📚 thirty-one of 2020: The Children of Hamlin by Carmen Carter ⭐️⭐️⭐️ #startrek #tos

Decent for early TNG, though more than a bit on-the-nose with the Pied Piper connections (children abducted from a place called Hamlin by aliens whose language is music). 🖖

My nieces’ grandparents (on their dad’s side) found an old park bench for their family, and my nieces decorated it. I think this is wonderful, and am sharing with permission from their mom.

📚 thirty of 2020: Die Standing by John Jackson Miller ⭐️⭐️⭐️ #startrek #dis

A thoroughly entertaining romp with Emperor Georgiou between seasons one and two of DIS, as she adjusts to her new universe and gets recruited by Section 31. Plus ties to TOS and DS9. Fun! 🖖

📚 twenty-nine of 2020: The Peacekeepers, by Gene DeWeese ⭐️⭐️⭐️ #startrek 🖖

A bit of early TNG taking on the Prime Directive. A marked improvement from the last (first) novel, but still obviously at a point where the characters were still being developed.

Book twenty-eight of 2020: Ghost Ship by Diane Carey ⭐️⭐️ #startrek #tng 🖖

Painfully obviously early in the TNG novels (it is the first not adapted from an episode). Characterizations are wildly off base (Riker’s distrust of Data is basically overt racism). Just…oof.

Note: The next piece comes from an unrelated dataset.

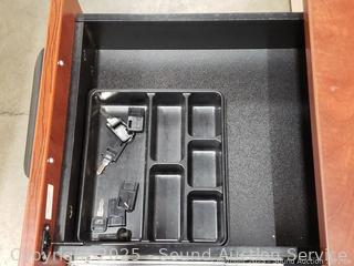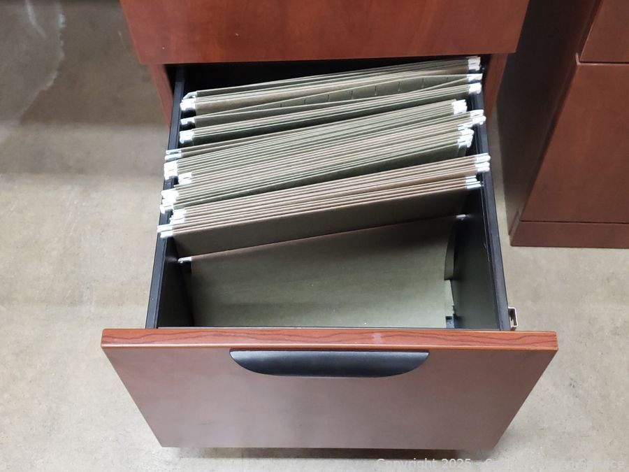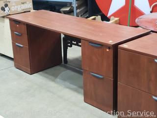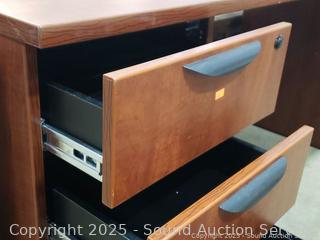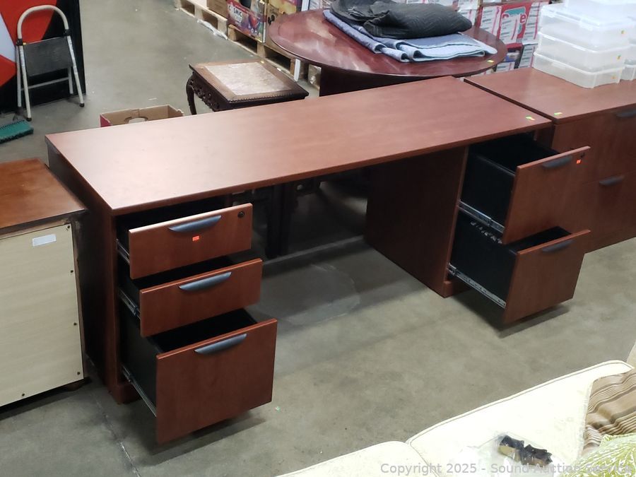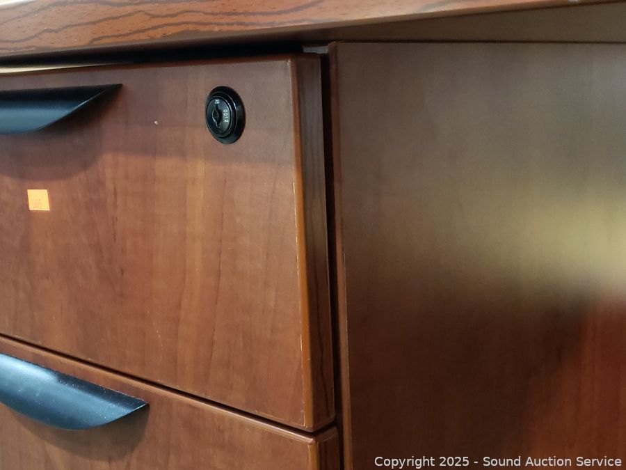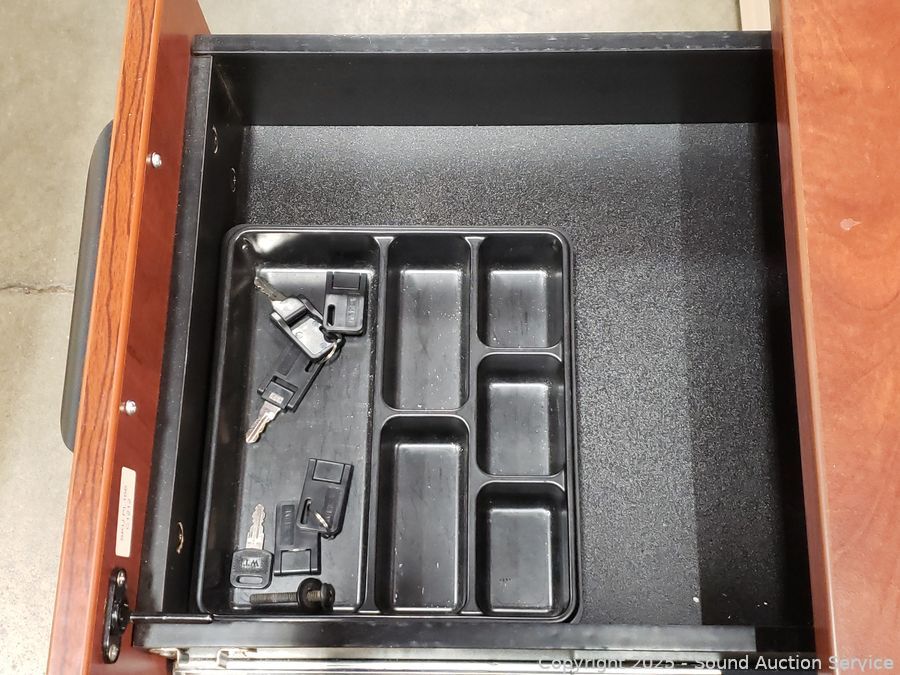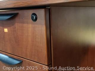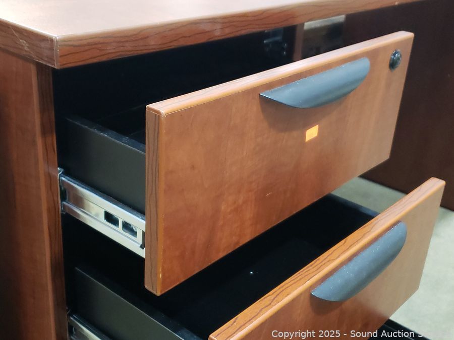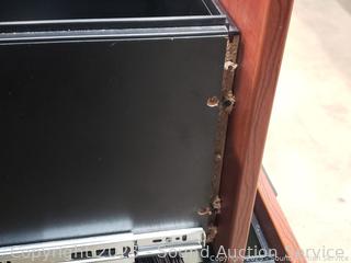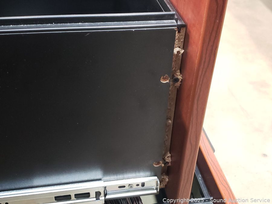 Top not attached, no hardware, right drawer is damaged, front panel is broken from side panel. Overall great cosmetic condition. Locking with keys, ball bearing drawer guides. 29" H x 72" W x 23.75" D.

📚 twenty-six of 2020: Practical Demonkeeping by Christopher Moore ⭐️⭐️⭐️

A smart aleck demon and its long-suffering keeper, quirky locals in a tourist town, and a touch of Lovecraft on the California coast. Entertaining and amusing, if not “laugh out loud” funny.

📚 twenty-five of 2020: Star Trek S.C.E.: Foundations by Dayton Ward & Kevin Dillmore ⭐️⭐️⭐️

A Trek “expanded universe” novel; three short stories and a framing story, all of Scotty’s interactions with the early S.C.E. and tying into TOS episodes.

📚 twenty-four of 2020: E.T. the Extraterrestrial by William Kotzwinkle ⭐️⭐️⭐️

An odd adaptation, likely done from an earlier draft of the script. I never realized E.T. was quite so romantically enamored with Elliott’s mom! That got kinda weird a few times.